Study material:
- Opening Delimiter -
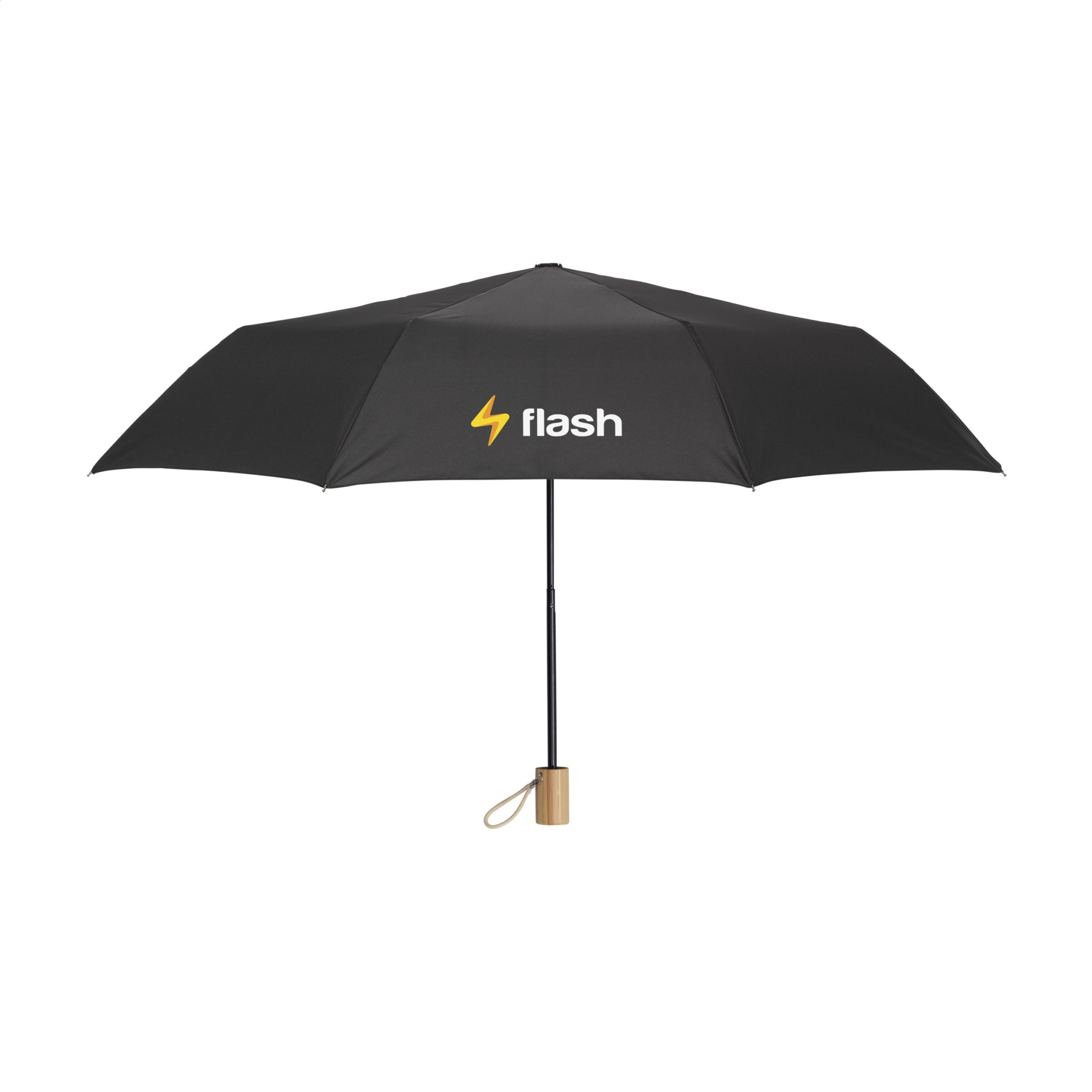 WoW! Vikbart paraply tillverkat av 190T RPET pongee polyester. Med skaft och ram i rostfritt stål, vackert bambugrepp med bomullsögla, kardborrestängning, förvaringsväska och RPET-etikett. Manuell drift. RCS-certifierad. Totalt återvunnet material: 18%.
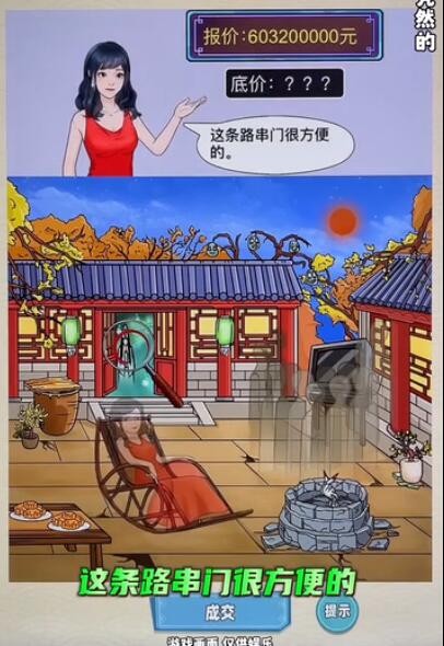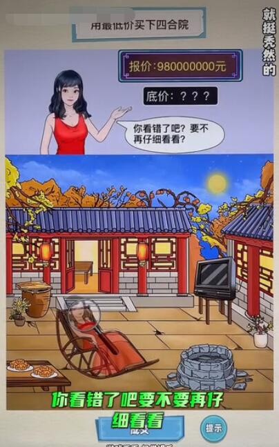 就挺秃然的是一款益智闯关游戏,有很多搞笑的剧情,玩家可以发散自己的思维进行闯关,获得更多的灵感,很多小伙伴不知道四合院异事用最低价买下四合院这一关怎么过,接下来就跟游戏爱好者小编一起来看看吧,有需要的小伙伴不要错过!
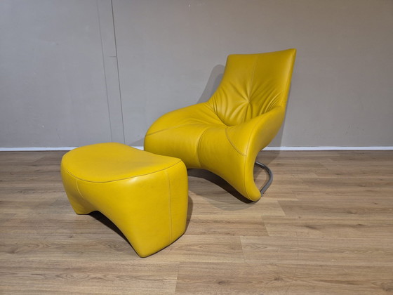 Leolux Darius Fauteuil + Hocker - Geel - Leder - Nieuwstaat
- Closing Delimiter -
- Opening Delimiter -
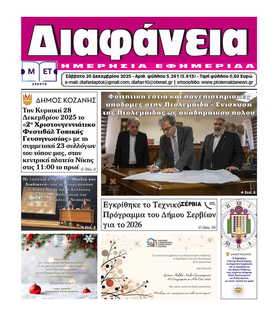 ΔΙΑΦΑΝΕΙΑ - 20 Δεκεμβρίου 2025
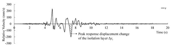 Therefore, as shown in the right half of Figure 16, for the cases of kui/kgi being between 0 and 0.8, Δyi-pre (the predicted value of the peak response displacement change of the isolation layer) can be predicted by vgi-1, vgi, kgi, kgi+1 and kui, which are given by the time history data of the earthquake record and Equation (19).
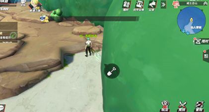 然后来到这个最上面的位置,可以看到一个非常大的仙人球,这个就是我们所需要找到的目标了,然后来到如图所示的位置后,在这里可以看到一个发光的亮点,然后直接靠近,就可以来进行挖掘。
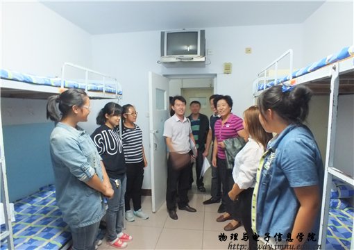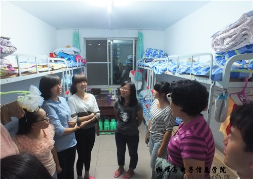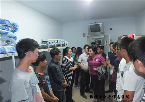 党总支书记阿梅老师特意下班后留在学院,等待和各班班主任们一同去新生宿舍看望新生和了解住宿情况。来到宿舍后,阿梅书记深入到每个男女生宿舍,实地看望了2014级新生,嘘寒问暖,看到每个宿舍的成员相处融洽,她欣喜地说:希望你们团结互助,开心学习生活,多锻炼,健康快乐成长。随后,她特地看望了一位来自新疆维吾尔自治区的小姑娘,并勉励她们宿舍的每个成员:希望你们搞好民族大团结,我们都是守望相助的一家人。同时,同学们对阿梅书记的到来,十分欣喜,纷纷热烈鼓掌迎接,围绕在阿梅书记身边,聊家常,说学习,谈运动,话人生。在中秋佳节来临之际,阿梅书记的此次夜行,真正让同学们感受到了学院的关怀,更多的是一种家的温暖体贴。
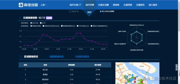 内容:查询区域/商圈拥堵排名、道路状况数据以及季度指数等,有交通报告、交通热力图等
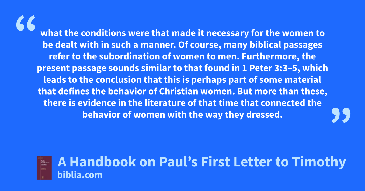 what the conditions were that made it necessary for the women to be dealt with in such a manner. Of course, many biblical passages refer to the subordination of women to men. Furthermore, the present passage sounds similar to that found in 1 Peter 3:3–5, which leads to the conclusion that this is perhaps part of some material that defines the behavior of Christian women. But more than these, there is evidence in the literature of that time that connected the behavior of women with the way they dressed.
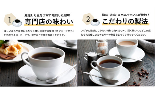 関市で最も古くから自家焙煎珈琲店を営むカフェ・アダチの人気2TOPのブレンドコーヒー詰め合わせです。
- Closing Delimiter -
Work to be completed:
Only the lines above starting with the line with "WoW! Vikbart paraply" and going on through the line with "Leolux Darius Fauteuil" belong in the answer; repeat them exactly, minus any picture.

Result of this task:
 WoW! Vikbart paraply tillverkat av 190T RPET pongee polyester. Med skaft och ram i rostfritt stål, vackert bambugrepp med bomullsögla, kardborrestängning, förvaringsväska och RPET-etikett. Manuell drift. RCS-certifierad. Totalt återvunnet material: 18%.
 就挺秃然的是一款益智闯关游戏,有很多搞笑的剧情,玩家可以发散自己的思维进行闯关,获得更多的灵感,很多小伙伴不知道四合院异事用最低价买下四合院这一关怎么过,接下来就跟游戏爱好者小编一起来看看吧,有需要的小伙伴不要错过!
 Leolux Darius Fauteuil + Hocker - Geel - Leder - Nieuwstaat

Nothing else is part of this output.